**What is needed:** Skip all pictures, then copy the lines from the start of the data through the line with "Popis   elektrická lokomotiva", keeping both ends.

─── Provided material

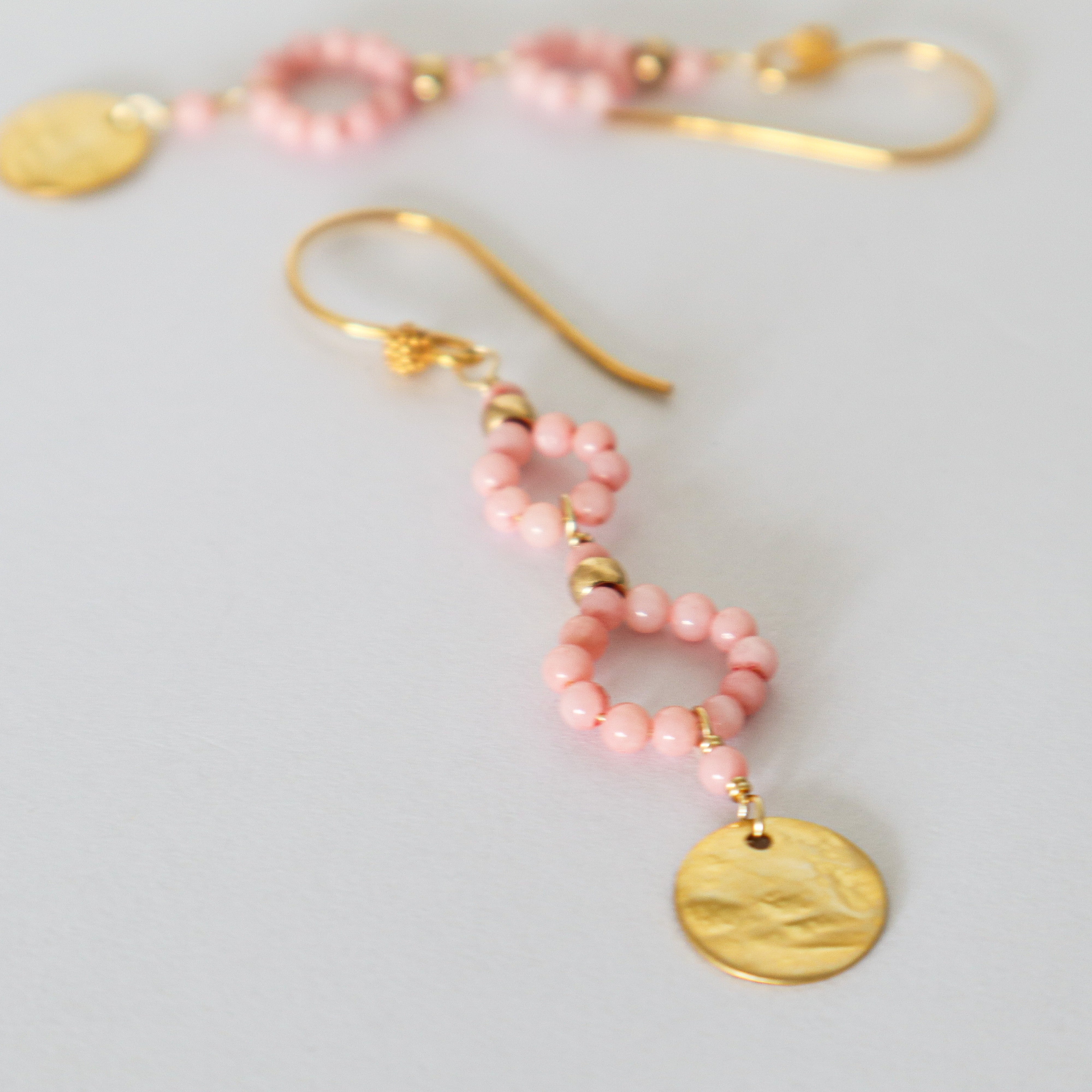 Transport yourself to faraway shores with the Astrid Earrings, a vibrant pair featuring cheerful coral beads and gold drops.
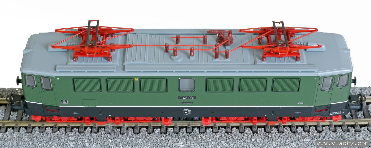 Popis   elektrická lokomotiva zelená s černým rámem, šedou střechou a červenými podvozky
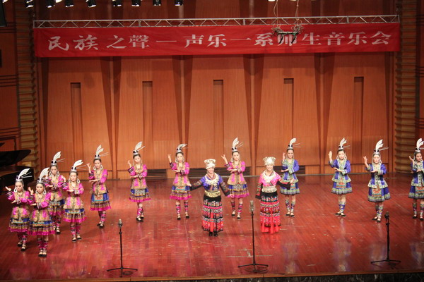 11月21日晚7:30分,“为祖国歌唱,为十八大献礼——民族之声”声乐一系师生音乐会在我院大音乐厅隆重上演。院长易柯、党委副书记文云英、副院长孙洪斌及兄弟院校(系)观看演出。这台音乐盛会是我系师生花了长达两个月的时间创作的。 音乐会上,老师们用歌声表达对祖国的爱,学生们用舞姿跳去心中的激情,节目层出不穷,缤纷多彩,师生载歌载舞,充分展示我系学生多才多艺的舞台表现能力,同时,也是我系教学成果的展示。演出效果良好得到学院领导的高度赞扬。

──────

**Expected answer:**
 Transport yourself to faraway shores with the Astrid Earrings, a vibrant pair featuring cheerful coral beads and gold drops.
 Popis   elektrická lokomotiva zelená s černým rámem, šedou střechou a červenými podvozky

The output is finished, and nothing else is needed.